JAKARTA. Rupiah masih akan terus dibayangi hambatan penguatan. Mata uang Garuda akan mengalami berbagai tekanan dalam waktu dekat.

Ekonom Mandiri Destry Damayanti berpendapat, ada tiga tekanan yang membayangi rupiah bulan Juni dan Juli. Pertama, pembayaran utang jatuh tempo.

Kedua, repatriasi keuntungan atau pembagian dividen. Ketiga, impor yang akan meningkat akibat lebaran serta investasi yang mulai aktif pada triwulan II.


Ketiga aktivitas itu tentu akan memberatkan rupiah. Sementara itu, pada sisi pasokannya sendiri serba tidak menentu. Menurut Destry, supply ekspor belum semuanya tinggal di perbankan nasional.

Arus modal masuk memang kencang masuk. Destry bilang, dari Januari hingga Mei arus masuk tercatat Rp 120 triliun. Tidak heran apabila kemudian posisi pundi-pundi cadangan devisa pada bulan April 2014 naik menjadi US$ 105,56 miliar.

"Ke depan kita tidak yakin akan ada inflow karena menjelang pemilu. Investor wait and see," tuturnya.
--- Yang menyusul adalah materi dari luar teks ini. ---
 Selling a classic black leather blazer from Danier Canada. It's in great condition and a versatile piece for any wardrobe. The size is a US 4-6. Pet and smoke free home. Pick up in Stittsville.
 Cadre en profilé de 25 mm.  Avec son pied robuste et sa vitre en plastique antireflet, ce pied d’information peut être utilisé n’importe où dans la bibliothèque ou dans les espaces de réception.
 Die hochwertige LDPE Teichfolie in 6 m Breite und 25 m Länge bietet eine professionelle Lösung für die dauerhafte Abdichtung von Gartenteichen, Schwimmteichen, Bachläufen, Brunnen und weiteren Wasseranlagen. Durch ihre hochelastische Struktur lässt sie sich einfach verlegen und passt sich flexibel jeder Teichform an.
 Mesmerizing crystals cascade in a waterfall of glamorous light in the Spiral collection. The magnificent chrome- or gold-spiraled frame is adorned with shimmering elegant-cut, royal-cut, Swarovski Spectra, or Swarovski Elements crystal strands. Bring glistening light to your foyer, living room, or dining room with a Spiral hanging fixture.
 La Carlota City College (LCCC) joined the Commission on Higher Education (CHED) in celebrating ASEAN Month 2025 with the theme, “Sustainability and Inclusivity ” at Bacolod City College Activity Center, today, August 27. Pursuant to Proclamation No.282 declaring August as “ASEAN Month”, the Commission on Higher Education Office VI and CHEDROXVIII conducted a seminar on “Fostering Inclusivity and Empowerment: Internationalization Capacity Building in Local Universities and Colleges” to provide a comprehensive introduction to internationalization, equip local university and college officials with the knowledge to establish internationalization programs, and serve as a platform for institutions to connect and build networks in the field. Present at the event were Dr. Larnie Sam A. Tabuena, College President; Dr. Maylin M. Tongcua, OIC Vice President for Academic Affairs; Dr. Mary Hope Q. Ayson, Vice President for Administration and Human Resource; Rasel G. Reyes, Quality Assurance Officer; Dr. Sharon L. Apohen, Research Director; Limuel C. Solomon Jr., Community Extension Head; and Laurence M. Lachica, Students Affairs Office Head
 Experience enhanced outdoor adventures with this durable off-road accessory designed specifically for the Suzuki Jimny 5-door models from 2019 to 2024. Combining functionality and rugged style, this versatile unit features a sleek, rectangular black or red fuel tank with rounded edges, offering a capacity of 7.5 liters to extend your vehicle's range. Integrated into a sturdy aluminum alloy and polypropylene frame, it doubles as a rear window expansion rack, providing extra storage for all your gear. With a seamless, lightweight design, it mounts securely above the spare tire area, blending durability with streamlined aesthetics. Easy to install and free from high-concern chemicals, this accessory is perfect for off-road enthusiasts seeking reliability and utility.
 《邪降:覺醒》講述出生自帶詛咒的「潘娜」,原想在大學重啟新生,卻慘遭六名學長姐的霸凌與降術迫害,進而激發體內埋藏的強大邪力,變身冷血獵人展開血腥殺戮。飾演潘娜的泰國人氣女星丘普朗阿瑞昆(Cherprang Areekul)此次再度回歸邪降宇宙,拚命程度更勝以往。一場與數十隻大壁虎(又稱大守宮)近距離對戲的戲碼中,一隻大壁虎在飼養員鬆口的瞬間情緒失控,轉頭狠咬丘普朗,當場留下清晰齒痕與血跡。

Karena itu, hingga akhir Juni dirinya memperkirakan rupiah bisa berada pada kisaran 11.600-11.800.

Kalau hasil pemilihan presiden (pilpres) baik dan disukai pasar, baru rupiah berpotensi menguat ke level 11.400 per dolar AS. Adapun Ekonom Bank Central Asia (BCA) David Sumual melihat rupiah yang tergolong masih cukup baik saat ini tertolong dari arus masuk portofolio yang besar.

Menurut David, saat ini porsi kepemilikan asing dalam surat utang negara (SUN) mencapai 35%. Kalau asing tiba-tiba keluar karena pemerintah tidak secara struktural memperbaiki kondisi defisit transaksi berjalan akan menjadi momok bagi rupiah.

Triwulan dua menjadi periode berat bagi fundamental ekonomi karena impor yang kembali aktif serta pembagian dividen. Pemerintah perlu menjaga defisit agar tidak kembali melebar seperti yang terjadi pada tahun lalu yang mencapai 4,4% dari PDB pada triwulan dua.

Untuk rupiah, David menilai fundamental mata uang Garuda berada pada level 11.500. Namun bisa saja melemah lebih dalam lagi kalau perekonomian domestik serta global tidak menentu.